Markovites enter the taken city. 1919

In November 1917, the artillery unit was also created, which subsequently received the patronage of General Markov. It, created from the cadets of the Mikhailovsky and Konstantinovsky artillery schools, subsequently served as the basis for the Artillery General Markov brigade.

With the beginning of the First Kuban Campaign in the village of Olginskaya, the Volunteer Army was reorganized by converting small detachments into larger units. Among the newly formed was the Combined Officer Regiment, which later received the nominal patronage of its first commander, General Markov.

During the campaign, the future artillery of the Markovites was also reorganized: the 1st Separate Light Artillery Division was disbanded, and the 1st Officer Battery, which was part of it, after the 4th Battery of the division was included in it, was called the 1st Separate Battery as part of the 1st Infantry Brigade.

Every regiment has its own physiognomy. Inexhaustible enthusiasm and youth of Drozdovites. Unshakably calm courage, an inevitable impulse of the Kornilovites. But there is another regiment. Strange and unique its appearance. Strict, simple black uniform without any decoration, only gleams and tops of caps are white. A muffled soft voice... Restraint is the hallmark of these people whom the "mannered Markovites" have long outlined for the provincial young ladies.
— "Russia". Kursk. 1919. No. 8 of October 10

In mid-March 1918, on the basis of the Technical Company formed in December 1917, the 1st Engineering Company, which entered the 1st Brigade, was organized. She received the patronage of General Markov on December 21, 1919.

After the death of General Markov at the very beginning of the Second Kuban Campaign, by order of the commander of the Volunteer Army, the 1st Officer Regiment was renamed the 1st Officer General Markov Regiment.

During the Second Kuban Campaign, the Markov artillery was reorganized again: on July 21, 1918, the 1st Separate Battery was deployed into the 1st Separate Light Artillery Division as part of the 1st Infantry Division.

On August 20, the 1st Battery receives the patronage of General Markov and the name of the 1st Officers General of Markov Battery.

In May 1918, another unit was formed, which later received the name "Markov". In accordance with the request of General Markov, a hundred Kuban Cossacks were allocated from the Horse Brigade, called the Separate Horse Hundred at the 1st Infantry Brigade. Cossacks sewed black "Markov" epaulettes, and a hundred began to be unofficially called "Markov".

After the capture of Orel, the Markov regiments were separated from the 1st Division and entered the created Markov Division.
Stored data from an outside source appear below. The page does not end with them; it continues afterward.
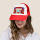 The stars are out in full force on this Retro Movie Theatre Trucker Hat--both the stars in the night sky and the stars on the silver screen. This 1960's style, minimalist art design features the exterior of a classic movie house from the Golden Age of Cinema. The red building has a brilliantly lit marquee, which says, "NOW SHOWING," in red letters. Beneath the marquee, a theatre employee is ready for a crowd of movie going film buffs, who are sure to be lining up in droves. The silhouette of the clean cut, theatre worker is just visible through the aqua glass of the box office ticket booth. Not a kernel of popcorn can be found on the spotless grey sidewalk. Grey double doors flank the ticket booth. The front of the building displays black and white movie posters surrounded by dramatically lit frames. One poster shows star crossed lovers in a dramatic scene and the other shows a swimsuit clad starlet whose career is as bright as the sun she worships. This product is from the brilliant minds at Zazzle's StrangeLittleOnion, who have brought you such cult classics as Retro Pool Party, Film Noir Martini and Retro Space Age Cartoon Couple. Critics agree; if you can only purchase one design this season, make it this one (or any of the other spectacular StrangeLittleOnion designs)!
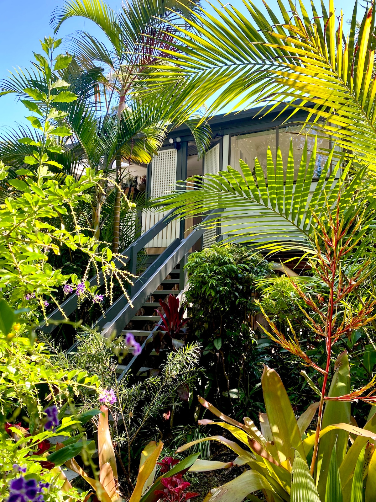 A spacious suite in a new architect designed home set in extensive gardens on a 1.5 acre property located in Mount Tamborine’s dress circle. Mount Tamborine is a stunning environment, on top of the range 40 minutes drive from the Gold Coast. At 535m above sea level, the red volcanic soil and a good rainfall ensures a lush environment thrives that is home to a wide range of bird life. The mountain is also home to several vineyards and breweries, a distillery, many many restaurants and cafes, a host of curiosity shops and two farmer and craft markets each month. The mountain caters for those who love nature with many bush walking tracks. It is also the gateway to O’Reillys, Lamington and Binna Burra national parks. Sunset on Handglider Hill over looking Canunga with a glass of wine in hand is not to be missed. This architect-designed house is set on a 1.5-acre property near Mount Tamborine. The area's red volcanic soil and good rainfall ensure a lush environment for a wide range of birds. The area is also home to vineyards, breweries, and many restaurants.
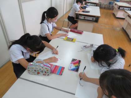 「歯によい食べ物を食べよう」という6月の給食目標に合わせた掲示物の作成をしていました。
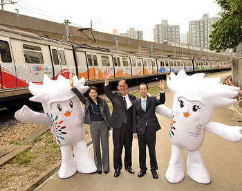 中新網(wǎng)3月20日電 據(jù)香港特區(qū)政府網(wǎng)站消息,香港民政事務(wù)局局長曾德成19日前往港鐵公司柴灣車廠,視察以香港2009東亞運(yùn)動(dòng)會(huì)的徽章、口號(hào)、吉祥物和23項(xiàng)比賽項(xiàng)目為裝飾的列車。
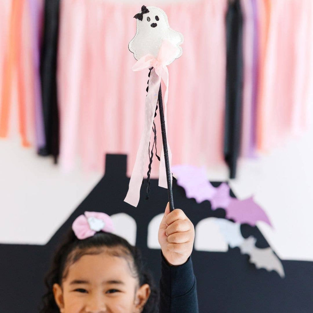 Add a sprinkle of enchantment to your Halloween with the Coquette Ghost Halloween Wand! This charming wand features a white glittery ghost adorned with a ballet pink ribbon, while black wavy ribbons cascade for a whimsical touch. The handle is neatly wrapped in matching ribbon, making it comfortable to hold. Designed for kids aged 3 and up, it pairs perfectly with a Sweet Wink tutu and shirt for an adorable, magical look from head to toe!
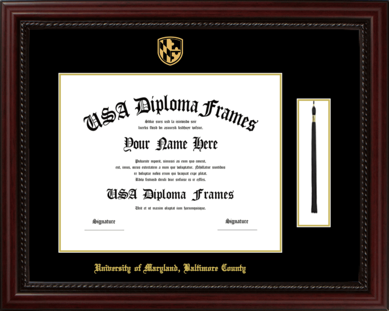 University of Maryland, Baltimore County Diploma Frame with Tassel – Executive Cherry Rope – Black and Gold Mat
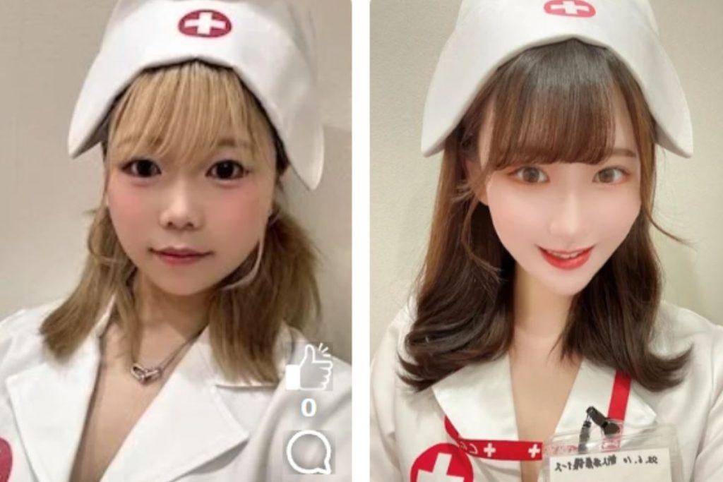 お迎えしてくれるのは、セクシーなマイクロミニナースの衣装を身につけた、キャストたちです。

In December 1919, the Markov division almost completely died during the retreat from Kharkov in front of the superior Red forces in a battle near the village of Alekseevo-Leonovo of the Don Host Oblast.
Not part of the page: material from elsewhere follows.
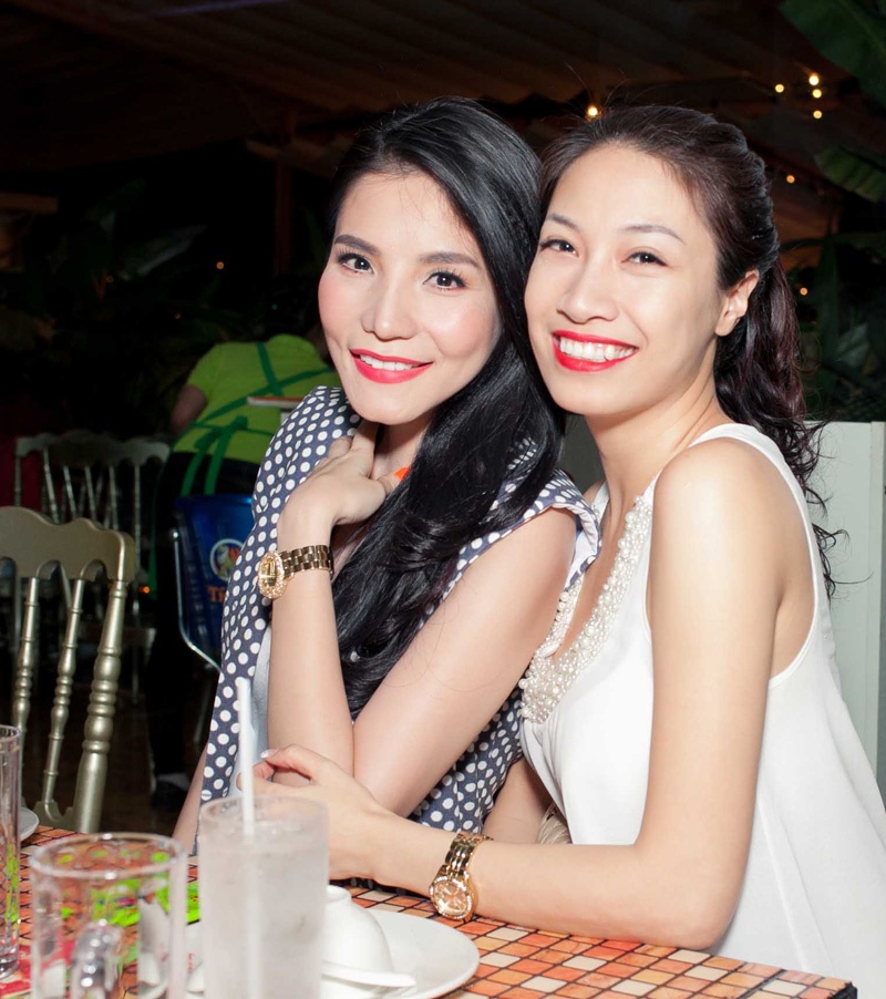 Nữ ca sĩ đất Cảng lần đầu xuất hiện sau khi dừng chơi tại Cuộc đua kỳ thú. Pha Lê và ca sĩ Kiwi Ngô Mai Trang ăn mặc giản dị khi dự tiệc. Cả hai chọn một bàn riêng để tám chuyện trước khi buổi tiệc bắt đầu. |

Already in the Crimea in the Russian Army of General Baron Pyotr Wrangel, in the Markov Division, by order of the Commander-in-Chief No. 3517 of September 3, 1920, the Equestrian General Markov Division was formed from the Separate Horse Hundred.
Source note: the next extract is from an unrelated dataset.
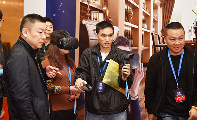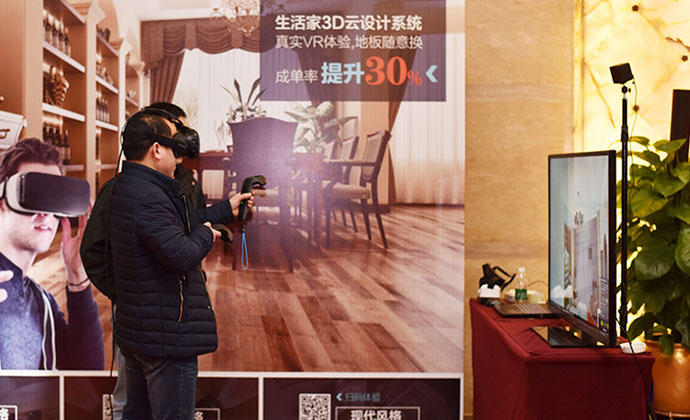 在终端推进3D云设计系统,利用大数据快速为消费者设计出满意的产品铺装效果图;VR体验系统,让消费者更真实的体验铺装效果,提前遇见你的家。

==Military uniform of Markovites==
The black shoulder straps of the Markov units completely repeated the shoulder straps of the shock units of the Russian Imperial Army of 1917. The black form of the Markovites symbolized Death and the readiness to die for Russia, and the white cap of the cap meant Cleanliness and Resurrection of the Homeland.

==See also==

- Colored military units

==Sources==
- "Markov and Markovites". Moscow: Non-Profit Partnership Sowing, 2001. ISBN 5-85824-146-8
- "Armed Forces in the South of Russia. January–June 1919" (2003)
- "Armed Forces in the South of Russia. January–June 1919" (2003)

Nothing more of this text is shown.